Lo primero que intentó hacer la nueva administración de la estancia fue cerrar el camino de ingreso a la escuela, con el argumento de que no ingresaran personas ajenas a su propiedad. El problema es que la ruta provincial N°15 es el único acceso que tiene la escuela, por lo que la directora tuvo que hacer gestiones ante el gobierno provincial para impedir que el camino se cierre. Ante el fracaso de este intento, la empresa optó por dejar que el camino se viniera abajo.
“El camino desde el casco de la estancia a la escuela era muy feo, muy gredoso, cuando llovía no se podía pasar en auto ni nada. Le pedimos a la empresa que nos enripie el camino con sus máquinas, le pagábamos el gasoil, todo. Nunca quiso”, cuenta Mónica. Finalmente el camino fue mejorado por el gobierno provincial.

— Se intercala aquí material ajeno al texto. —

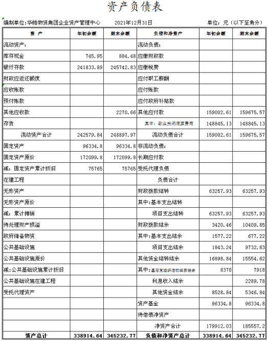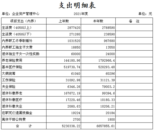 陽(yáng)泉市華皓物資集團(tuán)有限責(zé)任公司企業(yè)資產(chǎn)管理中心成立于2014年11月,是物資集團(tuán)公司原化輕總公司等七家歇業(yè)關(guān)閉企業(yè)的留守機(jī)構(gòu),隸屬于陽(yáng)泉市華皓物資集團(tuán)有限責(zé)任公司,主要負(fù)責(zé)處理七家歇業(yè)關(guān)閉企業(yè)的相關(guān)事宜。中心工作人員編制7人,資金來(lái)源主要依靠財(cái)政撥款,支出分為內(nèi)養(yǎng)人員經(jīng)常性費(fèi)用和中心留守人員及機(jī)構(gòu)運(yùn)行費(fèi)用兩部分。截止2021年12月底,企業(yè)總?cè)藬?shù)649人,其中在冊(cè)職工296人,離退休職工353人。在冊(cè)職工按照年齡結(jié)構(gòu)劃分“40、50”以下人員99人,“40、50”以上人員197人,在冊(cè)職工生活和社保等費(fèi)用享受財(cái)政補(bǔ)貼。2021年財(cái)政撥款收入721.22萬(wàn)元,財(cái)政撥款支出720.37萬(wàn)元,其中:內(nèi)養(yǎng)人員經(jīng)常性費(fèi)用支出665.79萬(wàn)元,中心留守人員及機(jī)構(gòu)運(yùn)行費(fèi)用支出54.58萬(wàn)元,收支基本平衡。全年累計(jì)為職工發(fā)放生活費(fèi)303萬(wàn)元,繳納社會(huì)保險(xiǎn)260萬(wàn)元,為14名到齡職工辦理了退休手續(xù)。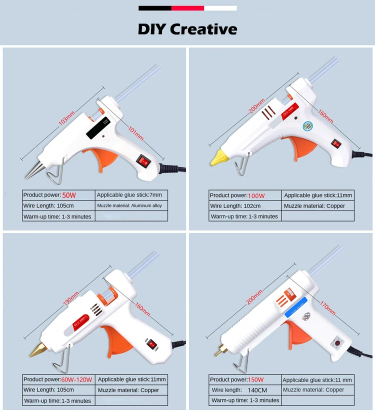 50W/100W/60-120W/150W Hot Melt Glue Gun 10 PCS Hot Melt Adhesive Stick Dual Power For Home Repairs, Arts and Crafts DIY Sealing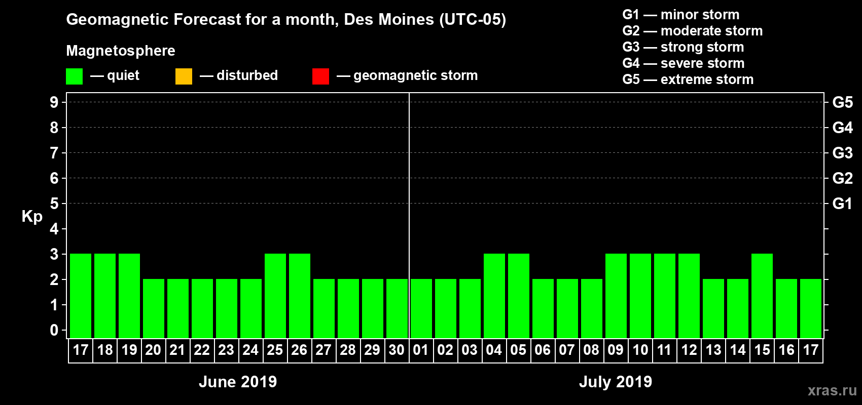 Geomagnetic storm forecast in Des Moines for Jun 17, 2019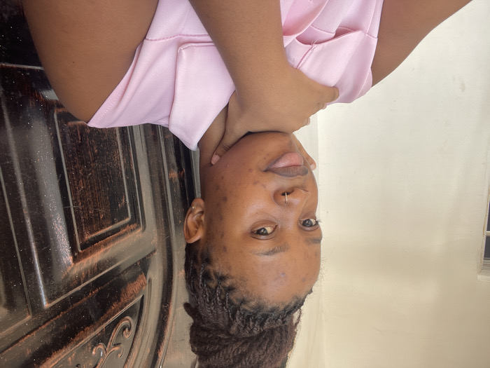 A female individual is centrally featured in a close-up, waist-up portrait, situated within what appears to be a residential or commercial building in Okpanam, Nigeria. She exhibits a medium-dark complexion, dark eyes, and dark dreadlocks styled into a high bun. A small, silver-colored ring pierces her left nostril, and a stud earring is visible in her right earlobe. She is dressed in a light pink, sleeveless collared blouse with layered fabric detailing on the front. Her right hand is positioned beneath her chin and jawline, supporting her head, as she maintains direct eye contact with the camera. The background on the left consists of a plain, light-colored wall with a partial view of a window frame. To the right, behind the subject, stands a dark, ornate door featuring raised panels and decorative scrollwork, exhibiting a weathered appearance. Illumination suggests natural daylight.

La Compañía definió históricamente el trazado de rutas, caminos y vías férreas a través de la connivencia de un estado nacional endeble en su primigenia burocracia administrativa de fines de siglo XIX, en sus fuentes de información escasas y los rudimentarios instrumentos de medición de la época. Frente a esto, la Compañía supo aprovechar la superioridad tecnológica e informativa que traía de Europa, para beneficiarse con la selección de las mejores tierras de la Patagonia y el transporte ferroviario hacia el puerto, trazado de manera tal que pasase por cada una de sus estancias. Este contexto histórico ayuda a entender la solicitud de una escuela rural para que la empresa colabore en el mejoramiento de unos 5km de camino.

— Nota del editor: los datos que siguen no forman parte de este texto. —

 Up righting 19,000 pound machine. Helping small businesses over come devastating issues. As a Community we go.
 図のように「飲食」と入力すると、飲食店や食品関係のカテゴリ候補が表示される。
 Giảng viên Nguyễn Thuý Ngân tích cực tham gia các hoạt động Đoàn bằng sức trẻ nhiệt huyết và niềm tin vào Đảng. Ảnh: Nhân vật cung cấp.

En la actualidad la relación de la escuela con la Compañía es de interdependencia y se transformó en el ámbito de encuentro de toda la comunidad de Leleque. Diariamente asisten estudiantes que provienen de las casas de la vieja estación de trenes, del casco y de los puestos de la estancia, y de la comunidad de Vuelta del Río, un conjunto de familias originarias asentadas a unos 20 kilómetros de la escuela. La totalidad de los alumnos es de origen tehuelche-mapuche. Los 23 alumnos se distribuyen entre el nivel inicial, la primaria y la secundaria. Su actual directora lamentó que con el conflicto de tierras, dejaron de asistir 4 alumnos. No obstante, afirma que siguen cumpliendo su tarea de contención y formación de los estudiantes como siempre.

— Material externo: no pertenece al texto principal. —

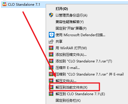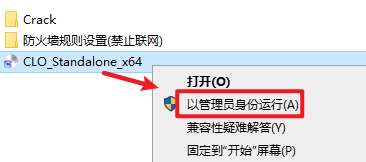 2.打开刚刚解压的文件夹,选中“CLO_Standalone_x64”右键选择“以管理员身份运行”

A 128 años de su creación, la Compañía está impresa en la memoria de los pobladores locales. Han convivido con ella, algunos desde adentro, obteniendo su primer trabajo en la empresa, viviendo con sus familias en los puestos de estancias o dando clases para los hijos de sus trabajadores en la única institución estatal que existe en la localidad de Leleque: la Escuela 90. A otros, les tocó convivir desde afuera, soportando la imposición violenta de los límites de la propiedad, cuestionable desde la propia historia de la adquisición de las tierras de la Compañía aún en disputa con los pueblos originarios de estos territorios.